Concepedia

TLDR

High intestinal IL‑1β levels are observed in inflammatory bowel disease, yet its specific contribution to intestinal pathology remains unclear. The study aims to determine how IL‑1β drives innate and adaptive intestinal pathology using two chronic inflammation models. The authors employed two complementary chronic intestinal inflammation models to investigate IL‑1β’s role in intestinal disease. IL‑1β drives chronic intestinal inflammation by recruiting granulocytes, activating innate lymphoid cells, promoting Th17 responses from CD4⁺ T cells, and synergizing with IL‑23, thereby sustaining innate and adaptive pathology and suggesting IL‑1β blockade as a potential IBD therapy.

Abstract

Although very high levels of interleukin (IL)-1β are present in the intestines of patients suffering from inflammatory bowel diseases (IBD), little is known about the contribution of IL-1β to intestinal pathology.

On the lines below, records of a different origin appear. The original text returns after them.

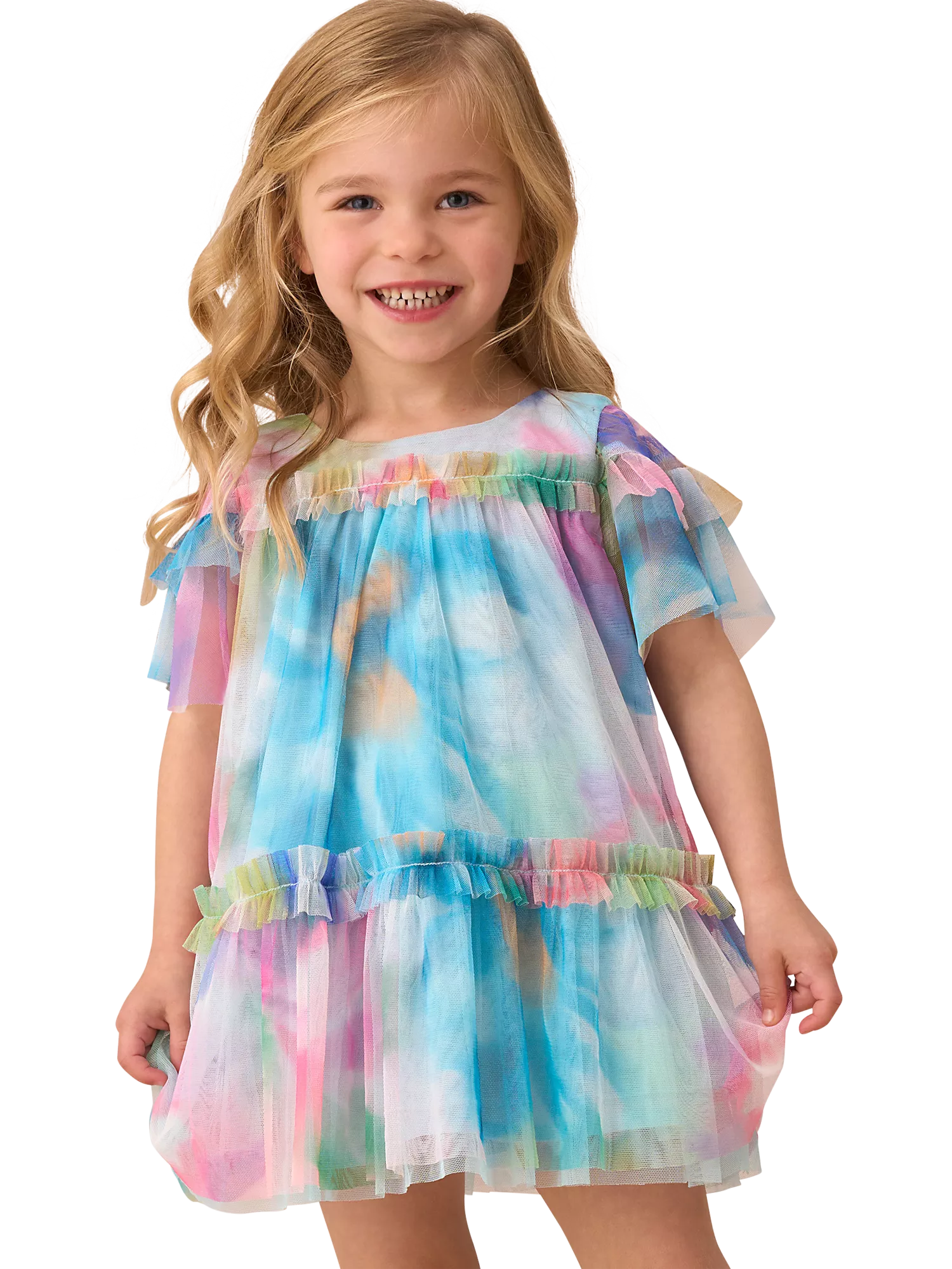 There's not mesh you won't love about this dress! Beautiful oversized blooms printed on dreamy diaphanous mesh fabric with soft tiers and a stunning sweeping silhouette. Matching bloomers add comfort and practicality.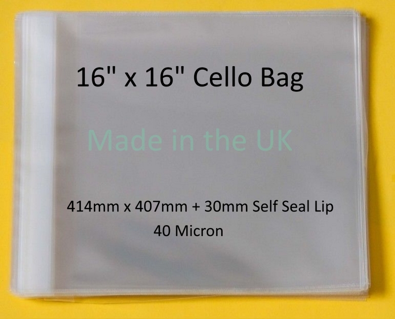 Pack of 100 – 16″ x 16″ – 414mm x 407mm + 30mm Flap – 16 x 16 – Mounted Photograph Cellophane Display Bags Self Seal 40 Micron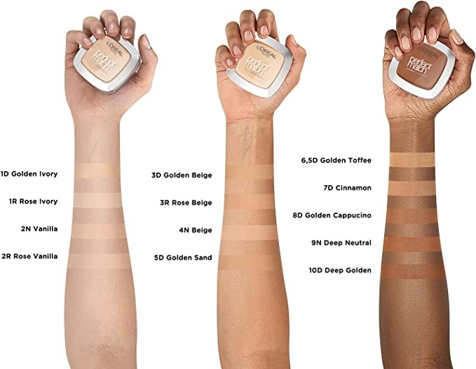 L'Oreal Paris Pressed Powder, SPF 8 Matte Pressed Powder Including Mirror and Sponge, Perfect Matching Pressed Powder, 3.D/3.W Golden Beige, 9g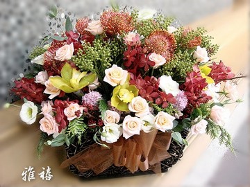粉玫瑰+萬代蘭+東亞蘭+針墊花+桔梗+小松果+尤加利

Here, we used two complementary models of chronic intestinal inflammation to address the role of IL-1β in driving innate and adaptive pathology in the intestine. We show that IL-1β promotes innate immune pathology in Helicobacter hepaticus-triggered intestinal inflammation by augmenting the recruitment of granulocytes and the accumulation and activation of innate lymphoid cells (ILCs). Using a T cell transfer colitis model, we demonstrate a key role for T cell-specific IL-1 receptor (IL-1R) signals in the accumulation and survival of pathogenic CD4(+) T cells in the colon. Furthermore, we show that IL-1β promotes Th17 responses from CD4(+) T cells and ILCs in the intestine, and we describe synergistic interactions between IL-1β and IL-23 signals that sustain innate and adaptive inflammatory responses in the gut. These data identify multiple mechanisms through which IL-1β promotes intestinal pathology and suggest that targeting IL-1β may represent a useful therapeutic approach in IBD.